И Тургенев принялся критиковать каждую фразу графа Толстого, тон его голоса, выражение лица.
– Знаешь ли, Тургенев, – заметил ему Панаев, – если бы я тебя не знал так хорошо, то, слушая все твои нападки на Толстого, подумал бы, что ты завидуешь ему.
– В чем это я могу завидовать ему? в чем? говори! – воскликнул Тургенев…
Тургенев продолжал кипятиться и с досадой говорил:
– Только Панаеву могла прийти в голову нелепая мысль, что я мог завидовать Толстому. Уж не его ли графству?»
Афанасий Фет как-то зашел к Некрасову и узнал о столкновениях Толстого с Тургеневым от Григоровича. «Голубчик, голубчик, – говорил, захлебываясь и со слезами смеха на глазах, Григорович, гладя меня по плечу. – Вы себе представить не можете, какие тут были сцены. Ах, Боже мой! Тургенев пищит, пищит, зажмет рукою горло и с глазами умирающей газели прошепчет: «Не могу больше! у меня бронхит!» – и громадными шагами начинает ходить вдоль трех комнат. «Бронхит, – ворчит Толстой вослед, – бронхит – воображаемая болезнь. Бронхит – это металл!» Конечно, у хозяина – Некрасова – душа замирает: он боится упустить и Тургенева, и Толстого, в котором чует капитальную опору «Современника», и приходится лавировать. Мы все взволнованы, не знаем, что говорить.
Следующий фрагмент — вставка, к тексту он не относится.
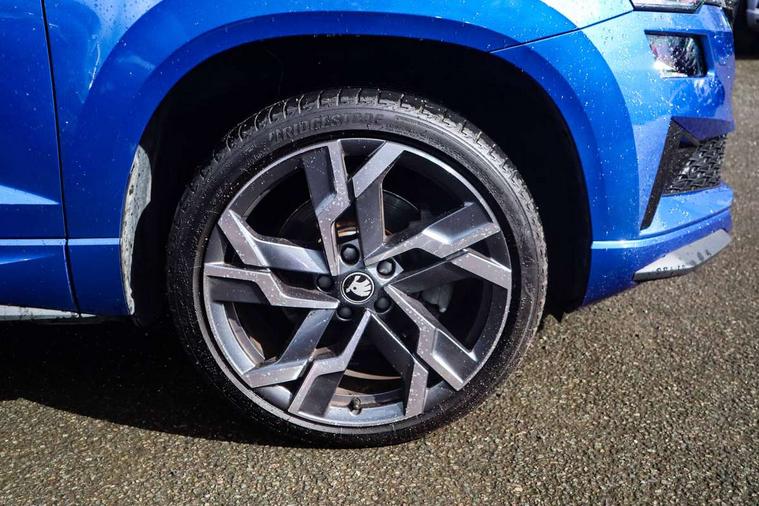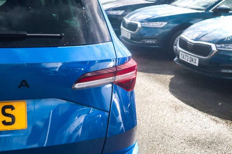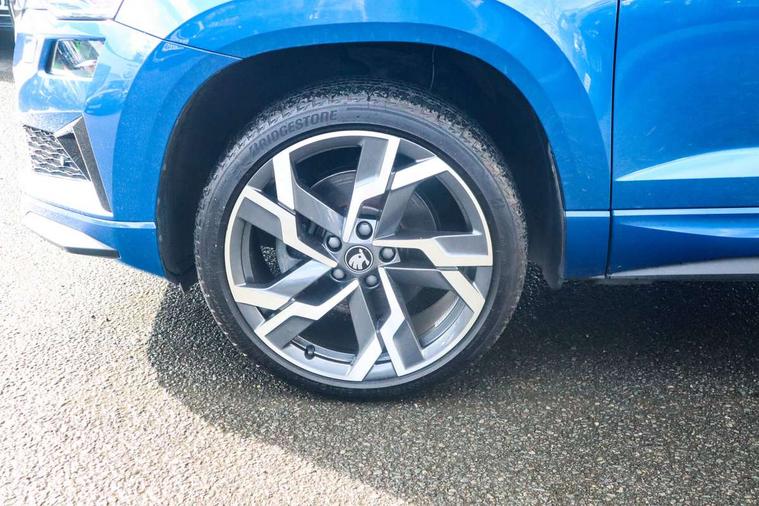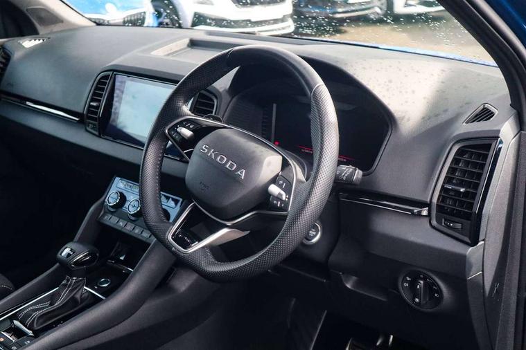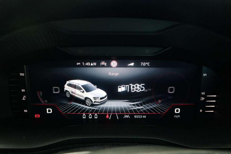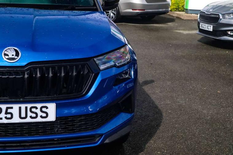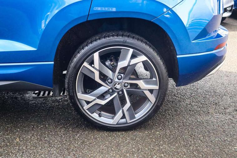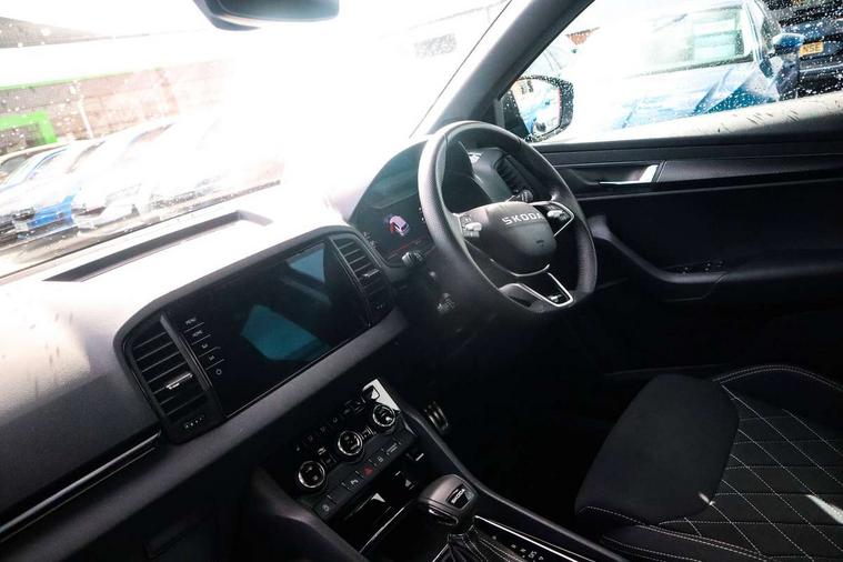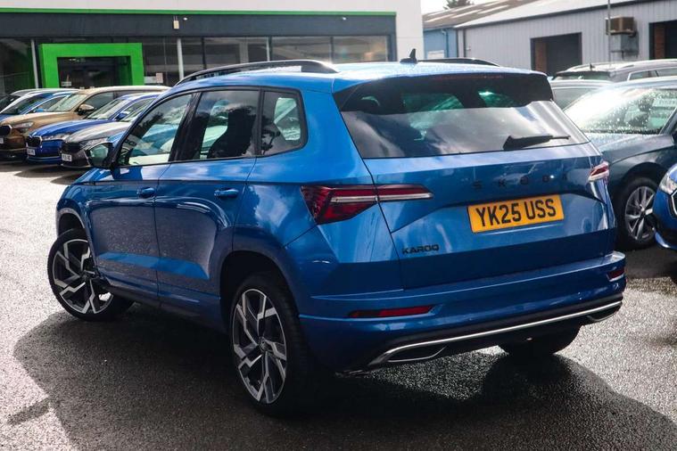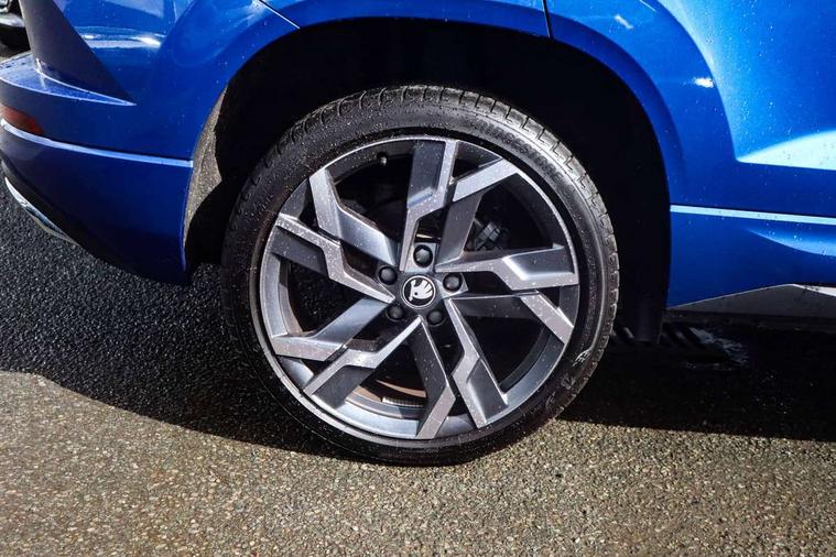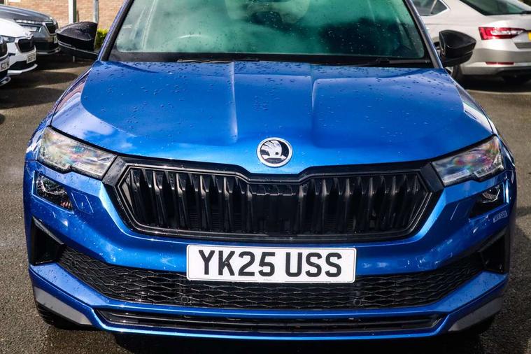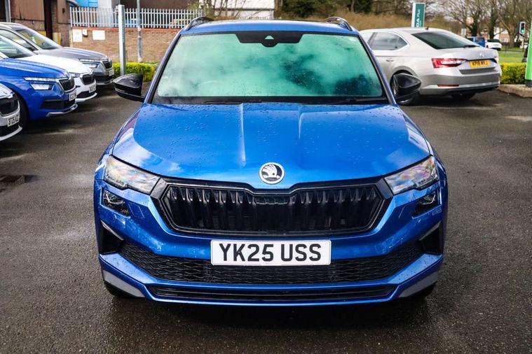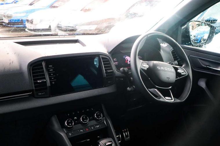 Advanced driver attention and drowsiness monitor, Emergency services call system, Outside temperature gauge, Sensor for driver assistance systems, Service interval indicator, SmartLink wireless for Apple and wired for Android, Start/stop system with regenerative braking, Traffic sign recognition, USB C Port x 2 in front centre console, Virtual Cockpit - 10.25" digital display, Virtual pedal with electrically operated boot door, Wireless smartphone charging, DAB radio with Bluetooth, USB connection, Acoustic glass, Aero front windscreen wipers with intermittent function, Auto dimming rear view mirror with light and rain sensors, Black door mirrors, Black electric window control buttons, Black radiator grille, Black roof rails, Body colour door handles, Electric front and rear windows with child proof lock, Extended rear roof spoiler, Front door steps with SportLine logo, Heated rear windscreen, LED daytime running lights, LED rear lights with high functionality welcome effect and dynamic indicators, Light assistant (coming/leaving home/tunnel light), Panoramic sliding sunroof, Plastic scuff plates in door apertures, Privacy glass, Protective door side sills in body colour, Rear diffuser, Rear side wing doors, Rear window wiper with washer system and intermittent control, Safety reflectors on front doors, Skoda lettering on tailgate in black, Sportline badge on front fender, Sports front and rear bumpers, Third brake light, Unique dark chrome design logo on alloy wheels, 1.5 litre bottle holders in driver and front passenger door panels, 12V socket in boot, 12v socket in front centre armrest with storage compartment and rear air vents, 2 x Tablet holder, 3 rear height adjustable headrests, 3 seat bench in 2nd row, 3 spoke sports leather heated multifunction steering wheel with DSG paddles, 4 foldable roof handles with rear coat hooks, Black floor carpet, Cargo elements in boot, Chrome inner door handles, Foldable hooks in the boot, Front head restraints, Height adjustable front three point seats belts with tensioners, Height/reach adjust steering wheel, Ice scraper, Illuminated glovebox, Illuminated luggage compartment, Isofix child seat preparation for front passenger seat, Isofix child seat preparation outer rear, Manual lumbar support for front seats, Pen holder, Pollen filter, Rear backrest release from boot, Rear boot cover, Rear package tray, Rear reading lights, Rear seats fixed folding and divided 60:40, Rubbish bin door, Safety vest holder, Single front passenger seat, Skoda lettering on steering wheel, Sportline decorative inserts, Storage box in upper central dashboard closed, Sunvisors with illuminated vanity mirrors, Textile floor mats, Ticket holder, Titan black interior ceiling, Umbrella under passenger seat, Under passenger seat storage compartment, Columbus pack - Karoq, LED Interior lighting pack with Skoda welcome logo - Karoq, Light Pack - Karoq, Non Smokers pack, Performance pack - Karoq, Winter plus pack with heated front and rear seats - Karoq, Automatic door unlocking in case of crash, Automatic fuel cut off in case of crash, Driver airbag, Electronic parking brake with auto hold function, Emergency rear braking signal, ESC (incl. ABS+MSR+ASR+EDS+HBA+DSR+RBS+MKB), Front side airbags, Head airbags, Hill hold control, Knee airbags, Passenger airbag with switch-off function, Pedestrian monitor, Seatbelt reminder signalisation and pretensioner for all seats, Three point seatbelts rear, Two tone horn, Tyre pressure monitor, Alarm with interior monitoring, back up horn and tilt sensor with safe function, Electronic engine immobiliser, Keyless entry and start/stop, Remote central locking with 2 remote folding keys, Black air vent surround, Black centre console, carbon door decor, Satin black dashboard, Satin black door trim, 19" Sagittarius anthracite alloy wheels, Anti-theft wheel bolts protection, Breakdown and tool kit,

Толстой в средней проходной комнате лежит на сафьяновом диване и дуется, а Тургенев, раздвинув полы своего короткого пиджака, с заложенными в карманы руками, продолжает ходить взад и вперед по всем трем комнатам. В предупреждение катастрофы подхожу к дивану и говорю: «Голубчик Толстой, не волнуйтесь! Вы не знаете, как он вас ценит и любит!»